WHAT YOU HAVE TO DO :: Should any entry include an image, skip the image and copy the entry exactly.

EXERCISE MATERIAL ::
• • • •

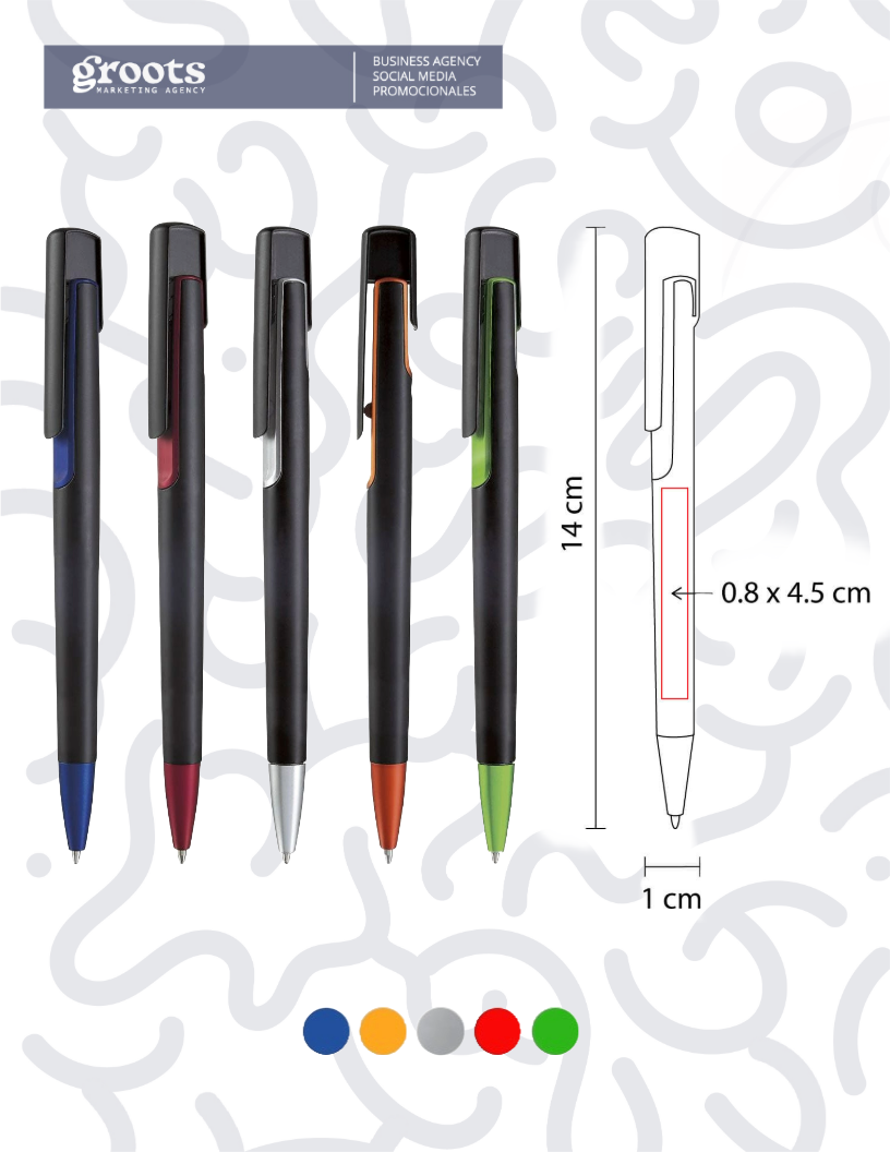 Bolígrafo plástico con pulsador, 1 X 14 cm. incluye grabado de un logo con técnica de impresión en serigrafia.
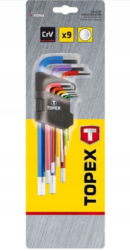Набір шестигранних ключів TOPEX (код 35D966) містить 9 гайкових ключів розміром від 1,5 до 10 мм із міцної хромованадієвої сталі. Кожен розмір гайкового ключа має кольорове кодування, що дозволяє легко швидко вибрати правильний розмір під час роботи. Все упаковано в практичну упаковку. Торгова марка TOPEX орієнтована на любителів робити сам.
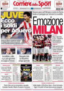 RASSEGNA STAMPA CORRIERE DELLO SPORT PRIMA PAGINA CALCIOMERCATO JUVENTUS AGUERO BENZEMA- Il Corriere dello Sport riporta oggi in copertina una notizia di mercato riguardante uno dei grandi obiettivi della Juventus: Aguero. Spazio anche al campionato, con il Milan che può festeggiare già stasera.
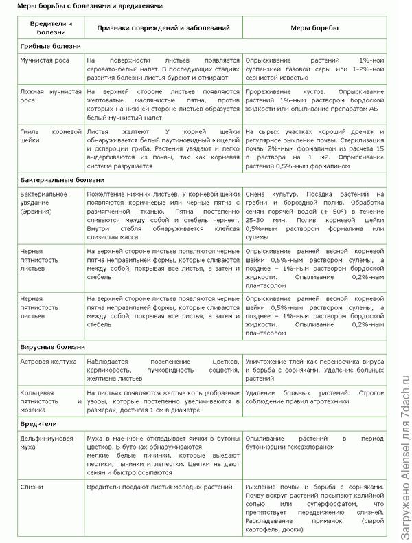 Многолетний дельфиниум способен прожить на одном месте 8-10 лет, после чего нуждается в пересадке. Эти прекрасные цветы, к сожалению, подвержены заболеваниям. Как распознать их по признакам и меры борьбы смотрите в таблице:
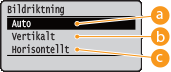 Om den angivna inställningen (<Vertikalt> eller <Horisontellt>) inte stämmer överens med bildens orientering skrivs bilden ut i mindre storlek.
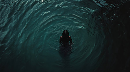 A solitary figure floats in dark, turbulent water, creating a sense of isolation and introspection.

• • • •

TASK ANSWER ::
 Bolígrafo plástico con pulsador, 1 X 14 cm. incluye grabado de un logo con técnica de impresión en serigrafia.
Набір шестигранних ключів TOPEX (код 35D966) містить 9 гайкових ключів розміром від 1,5 до 10 мм із міцної хромованадієвої сталі. Кожен розмір гайкового ключа має кольорове кодування, що дозволяє легко швидко вибрати правильний розмір під час роботи. Все упаковано в практичну упаковку. Торгова марка TOPEX орієнтована на любителів робити сам.
 RASSEGNA STAMPA CORRIERE DELLO SPORT PRIMA PAGINA CALCIOMERCATO JUVENTUS AGUERO BENZEMA- Il Corriere dello Sport riporta oggi in copertina una notizia di mercato riguardante uno dei grandi obiettivi della Juventus: Aguero. Spazio anche al campionato, con il Milan che può festeggiare già stasera.
 Многолетний дельфиниум способен прожить на одном месте 8-10 лет, после чего нуждается в пересадке. Эти прекрасные цветы, к сожалению, подвержены заболеваниям. Как распознать их по признакам и меры борьбы смотрите в таблице:
 Om den angivna inställningen (<Vertikalt> eller <Horisontellt>) inte stämmer överens med bildens orientering skrivs bilden ut i mindre storlek.
 A solitary figure floats in dark, turbulent water, creating a sense of isolation and introspection.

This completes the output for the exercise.